23.06.2026 - 22:19:00 | boerse-global.de

Die aktualisierte VDE-AR-N 4100 bringt präzise Vorgaben für Zählerplätze und integriert erstmals Wandleranlagen. Parallel dazu stärken Gerichtsurteile den Fachhandel.

VDE-AR-N 4100: Neue Regeln für Zählerplätze und Wandleranlagen
VDE-AR-N - Nahaufnahme von modernen Stromzählern und Wandlern in einem Schaltkasten, mit digitaler Anzeige und Verkabelung. 23.06.2026 - Bild: über boerse-global.de

Seit dem 1. April 2026 gilt die aktualisierte VDE-AR-N 4100. Die Anwendungsregel bringt präzisere Vorgaben für Zählerplätze und integriert erstmals Wandleranlagen. Ziel ist ein bundesweit einheitlicher Aufbau der Netzanschlusstechnik.

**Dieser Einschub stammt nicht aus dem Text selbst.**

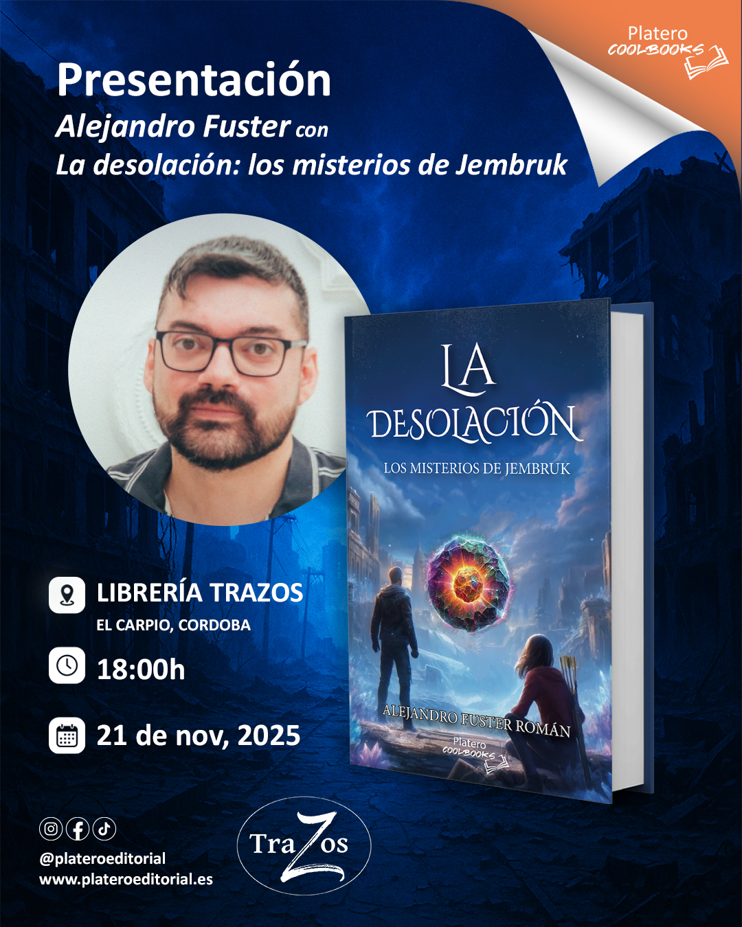 Nuestro autorAlejandro Fuster Román presentará su nueva obraLa Desolación: los misterios de Jembruk en el Librería Trazos en El Carpio (Córdoba) el día 27 de septiembre a las 18:00h.

Was sich bei Zählerplätzen ändert

Die neue Regel konkretisiert die Anforderungen im anlagenseitigen Anschlussraum (AAR). Für Zählerplätze mit Befestigungs- und Kontaktiereinrichtung (BKE-I) sowie klassische 3-Punkt-Zählerplätze gibt es jetzt ein optionales Verteilerfeld über dem AAR. Eine wichtige Neuerung betrifft die Sicherheit: Bei 3-Punkt-Zählern ist der Einbau eines Hauptschalters im AAR jetzt Pflicht.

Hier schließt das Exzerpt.